The invention belongs to the technical field of plant genetic engineering, and discloses a method and a sequence for improving the branching capacity of plants and a method for breeding fruit seedlings, wherein the method for improving the branching capacity of plants specifically comprises the following steps: performing monoclonal amplification on the CBF-L gene by using an upstream primer and a downstream primer of the CBF-L gene to obtain an amplification product; constructing an overexpression vector by using the gene obtained by cloning; the plant overexpression vector is transferred into a GALA-3 plant. The invention clones and identifies the CBF full-length gene from apple, wherein the CDS sequence of the CBF-L gene is shown in a sequence table SEQ ID NO. 1; the selected plant is preferably apple. The invention is implemented to verify the effect of CBF-L in apple branches, and the CBF-L is overexpressed in GALA-3 plants in a transgenic mode, so that the apple branches are effectively regulated and controlled.

Description

Method and sequence for improving branching capability of plant and fruit seedling breeding method
Technical Field
The invention belongs to the technical field of plant genetic engineering, and particularly relates to a method and a sequence for improving the branching capacity of plants and a seedling breeding method.
Background
Plant branching is an important factor affecting plant type formation and has an important influence on plant biological characteristics and agricultural production. In the plant growth process, axillary buds and terminal buds are developed from bud primordia, the terminal buds are completed at one time in the early development stage of a stem and are mainly related to the main development of the plant, the axillary buds are fixed buds growing from leaf axillary branches, the fixed buds are commonly found in seed plants and are mainly related to plant branches, and the formation and the development of the terminal buds and the axillary buds jointly regulate the growth of the overground part of the plant and the formation of the plant configuration. The formation of axillary buds and the development of branches in plants are also influenced by many factors, and the stem tip inhibits the formation of axillary buds in a manner of apical dominance, thereby influencing the branching of the stem. The plants are influenced by self-hormone (auxin, strigolactone and cytokinin) regulation, nutrient distribution and environmental factors and are regulated by a plurality of complex signals, so that the growth of axillary buds is regulated, the formation of new branches of the plants is influenced, and the normal life activities of the plants are ensured.

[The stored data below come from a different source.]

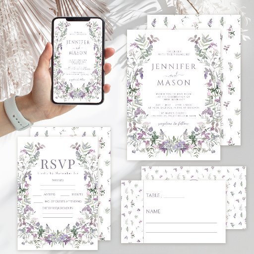 Mergulhe na sofisticação refinada com esta elegante rústica boêmica Ever depois do convite para o casamento da festa, apresentando ilustrações graciosas de flores de aquarela roxas formando uma coroa. Uma escolha perfeita para infundir charme em sua celebração de primavera ou verão, este convite captura a essência da beleza clássica.
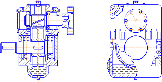 < hм < 0.25d2 (где m - модуль зацепления): при расположении шестерни ниже колеса hм= (0.1-0.5)d1, при этом hmin=0.2m. Рекомендуется, чтобы уровень масла
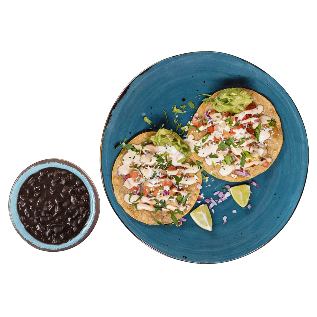 2 corn fried tortillas, topped w/ chipotle cream, guacamole, red onions, queso fresco & your protein choice: fried grouper or chicken
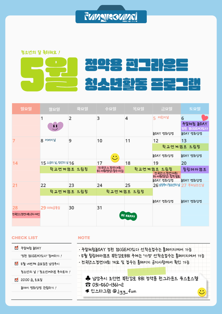 정약용 [공지] 5월 정약용 펀그라운드 청소년활동 프로그램 안내 작성자 펀그라운드정약용 등록일자 2023년 4월 29일 22시 50분 16초 조회 598 웹포스터_2023년 월간 일정 안내-001.jpg [ Size : 433.09KB, Down : 417 ] 미리보기 다운로드 목록보기
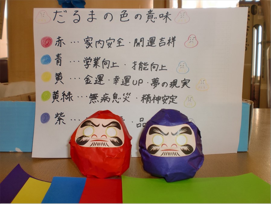 ダルマは色によってご利益が違うとのことで、赤・青・黄色・黄緑・紫の5色から好きな色と選んでいただき作成しました。

Plant branches are key factors influencing plant types, are very important for adapting plants to the environment, and influence the cultivation mode and yield of crops and horticultural crops. Particularly in the fruit tree field, the branch height, the branch number, the branch length, the branch angle and the distribution mode of the plant have great significance for the early formation of the tree shape of the fruit tree, the cultivation management of the fruit tree and the yield of the fruit tree. The generation of lateral branches is derived from the germination of axillary meristems, and the axillary buds can keep the excellent properties of the original variety after germination, which undoubtedly plays a great role in apple seedling breeding and fine variety promotion. However, the specific mechanism of collateral formation is largely unknown, and the mechanism of action is yet to be studied. CBF transcription factors are an important class of transcription factors in the AP2/ERF family. During the evolution process of plants, the domain of the CBF transcription factor has a highly conserved PKKRAGRKKFRETRHP amino acid sequence and is capable of regulating the expression of downstream genes involved in the branching phenotype and thus involved in the progression of plant life activities.
Through the above analysis, the problems and defects of the prior art are as follows: the time for cultivating new fruit tree varieties in the aspects of apple seedling breeding and fine variety promotion is long, and the yield and the quality of plants cannot be improved in a short time.
The difficulty in solving the above problems and defects is: the construction steps of the gene are various, and the survival rate of the infection of the agrobacterium maltuli transformed leaves is low.
The significance of solving the problems and the defects is as follows: the transgenic plant is difficult to domesticate after being transferred, and a certain time is needed for applying the transgenic plant in the field.
Disclosure of Invention
Aiming at the problems in the prior art, the invention provides a method and a sequence for improving the branching capacity of plants and a seedling breeding method.
The present invention is achieved by a method for improving branching ability of a plant using CBF-L gene.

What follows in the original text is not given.